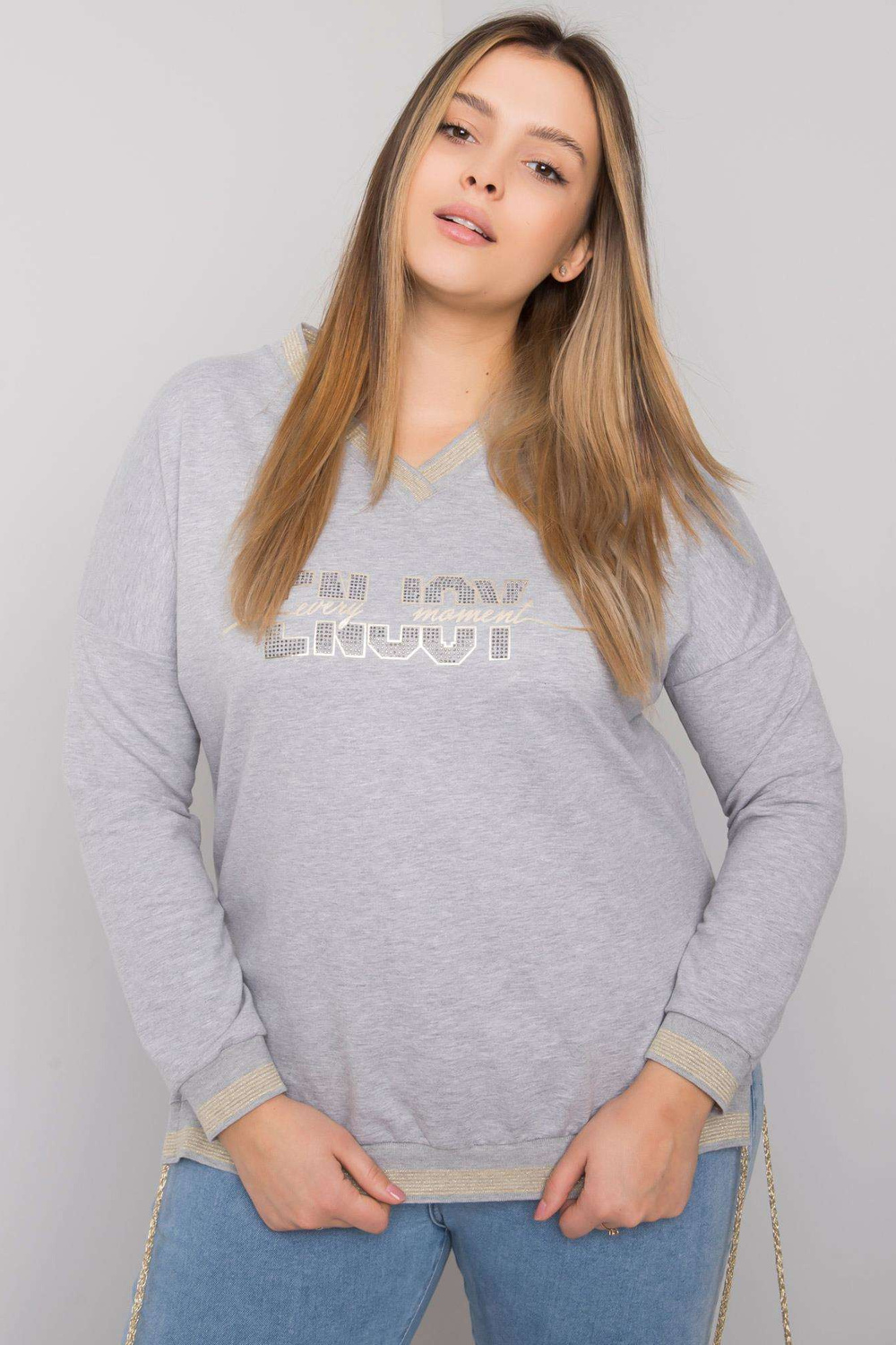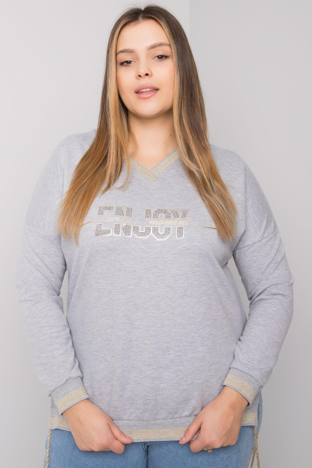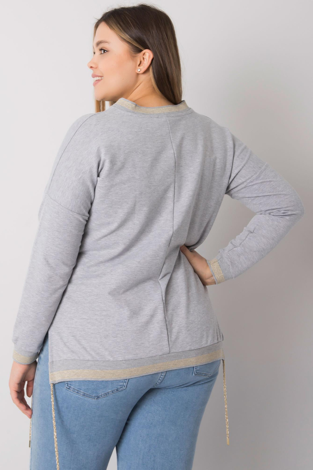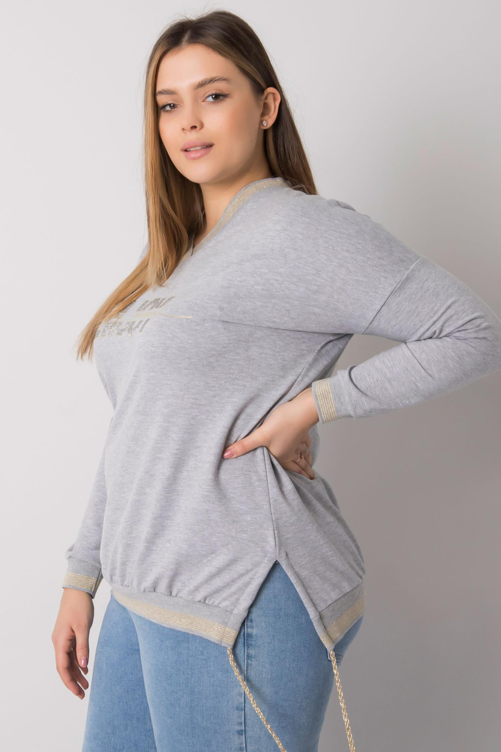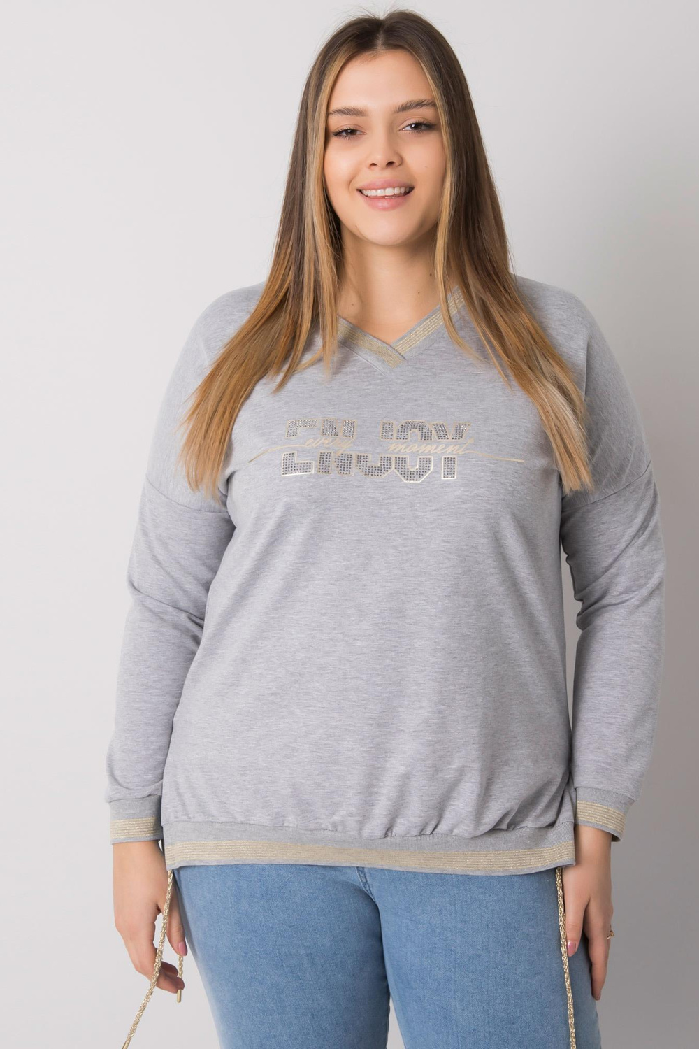 Greymelange liela izmēra blūze ar ceriņu aplikāciju.
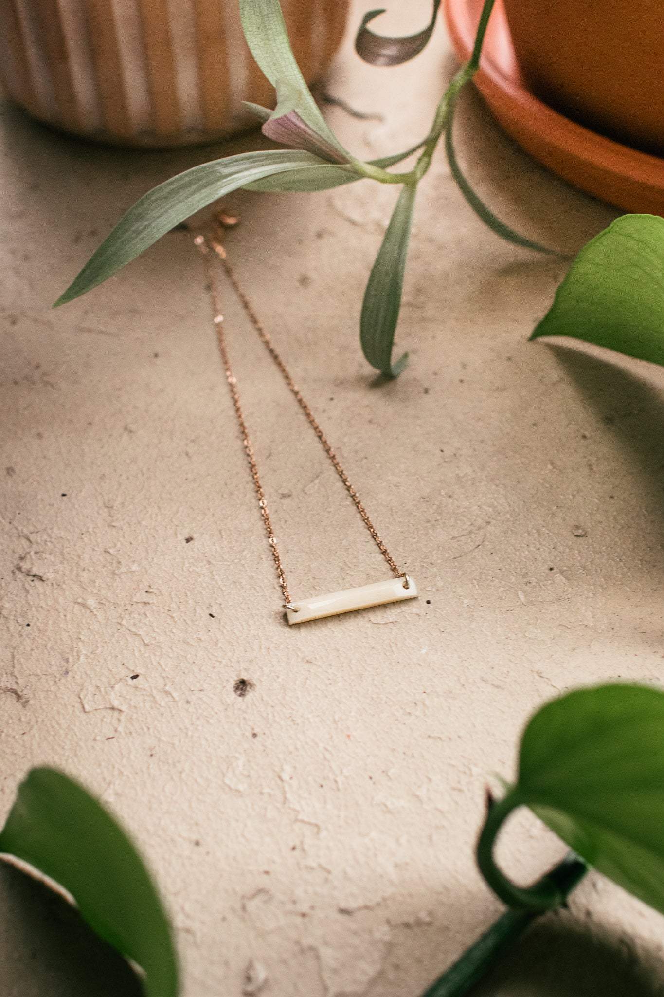 Meet Betty! Available with silver or gold chain in both bone (seen here) or horn. Matching earrings available.
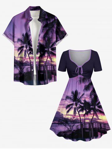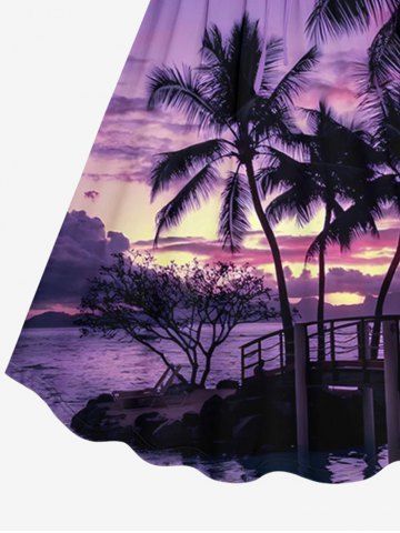 Plus Size Coconut Tree Seascape Ombre Sky Print Hawaii Cinched A Line Dress - Concord - Xs
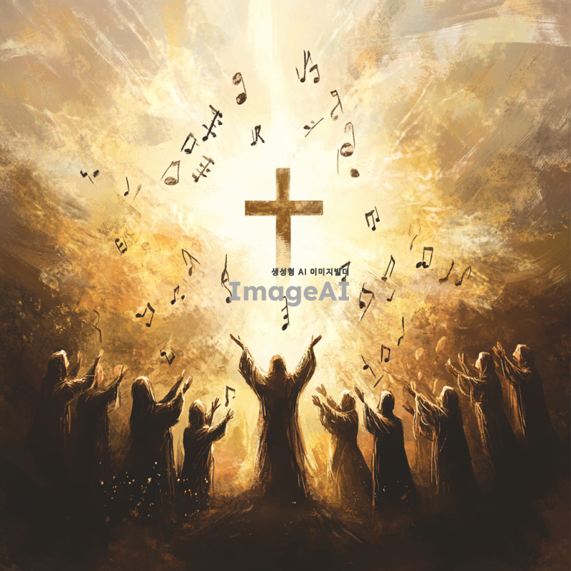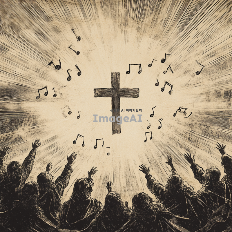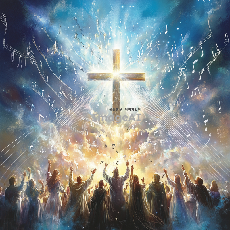 성가대 악보 표지를 위한 디자인,중앙에는 십자가를 둘러싸며 찬양을 하는 성도들,공중에 음표가 날아다니는 그림,전체적인 분위기는 천국 분위기

### Problem description
Give back the listing unchanged. Strip out the pictures.

### Written answer
 Greymelange liela izmēra blūze ar ceriņu aplikāciju.
 Meet Betty! Available with silver or gold chain in both bone (seen here) or horn. Matching earrings available.
 Plus Size Coconut Tree Seascape Ombre Sky Print Hawaii Cinched A Line Dress - Concord - Xs
 성가대 악보 표지를 위한 디자인,중앙에는 십자가를 둘러싸며 찬양을 하는 성도들,공중에 음표가 날아다니는 그림,전체적인 분위기는 천국 분위기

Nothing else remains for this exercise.